Cosmos DB High Availability for Cloud Resilience

In this blog, we’ll discuss how Azure Cosmos DB is engineered for resilience and how it ensures high availability when failures happen in the cloud.

Why does it matter ? The only thing that’s constant in distributed systems is failures. No cloud platform is immune to failures — from regional outages and transient network blips to human errors or hardware faults. What defines resiliency & high availability isn’t the absence of failure, but how systems anticipate, isolate, and recover from them.

For many internet applications and services, the database is the first layer (looking bottoms-up) that needs to be highly available, durable, whatever happens under the sun. Machines fail, data centers get overheated, fuel supply goes low, a snowstorm strikes, a fiber cable gets cut, or someone pulls the wrong plug during maintenance, you name it. Despite any of this, distributed databases in the cloud need to be up, so all the online experiences built on top can continue to keep the world spinning.
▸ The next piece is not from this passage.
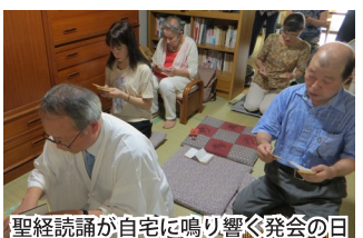
聖經読誦が自宅に鳴り響く発会の日

そして、先日は第2回目の誌友会でした。参加した4名の体験発表になり、皆さん、平気なお顔していますが、大変な人生の荒波をこのみ教えで乗り越えてこられたんだなあと感動しました。誌友会を開くようになって、伝えたい思いが一層強くなりました。

At Azure Cosmos DB, we never stop thinking about this. We think about resiliency across

Control Plane (aka. Management Plane)
Data Plane (Stateful Database Partitions, Gateways, Client SDK/drivers)
Partial & Full Regional failures – Within-region and cross-region resiliency
Infrastructure failures, Software Failures, Replicated State Machine Failures, Resource Governance failures

Let’s dive deep into each layer of the stack to see how its made resilient.

Control Plane Resiliency

The Azure Cosmos DB Control Plane is used (only) for management operations, which may include creating a new database account, adding or deleting a secondary region, updating security settings, doing an account level failover, etc. Basically, all account level management operations. Control Plane is not in the hot path of data traffic.

The Control Plane is regionalized to make sure that the blast radius of a Control Plane failure is contained and doesn’t have a global impact. Control Plane has its own Regional Compute to run these management operations as well as a backing Regional Database to hold its own state and service metadata.
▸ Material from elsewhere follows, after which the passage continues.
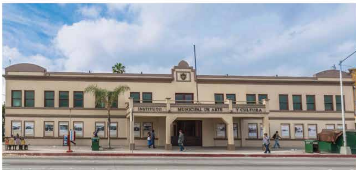
ANTIGUO PALACIO MUNICIPAL
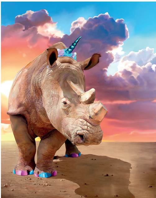
Unihorn, 2021, Öl auf Leinwand, 240x180cm © Simon Czapla

Control Plane Compute – All Database Accounts are modeled as a Global Database Account. Each such Global Database Account is assigned to a Regional Control Plane, designated as its Home Location. Compute part of this Regional Control Plane is responsible for executing all Control Plane operations on those Global Database Accounts. In the event of an outage affecting this Regional Control Plane, the Compute will fail over to another healthy region, restoring Control Plane availability. The new region will now assume ownership of all Global Database Accounts that were homed in the outage region earlier.

Control Plane Database – Each Regional Control Plane stores its own execution state along with the service metadata of all Global Database Accounts for which it is designated as the Home Location. It stores all of this in its own dedicated Cosmos DB database. These System Cosmos DB databases are not shared across Regional Control Planes, ensuring that each Control Plane System Database remains fully regional. To provide resilience against regional outages, each Control Plane System Database is replicated to two additional secondary regions with Strong Consistency.

Data Plane Resiliency

Gateways & DNS Endpoint Resiliency

In Azure Cosmos DB, DNS endpoints used by customer applications are Database Account level endpoints and not a region-level shared DNS endpoint that refers to Azure Cosmos DB service as a whole. This helps curtail the blast radius of a single DNS record entry.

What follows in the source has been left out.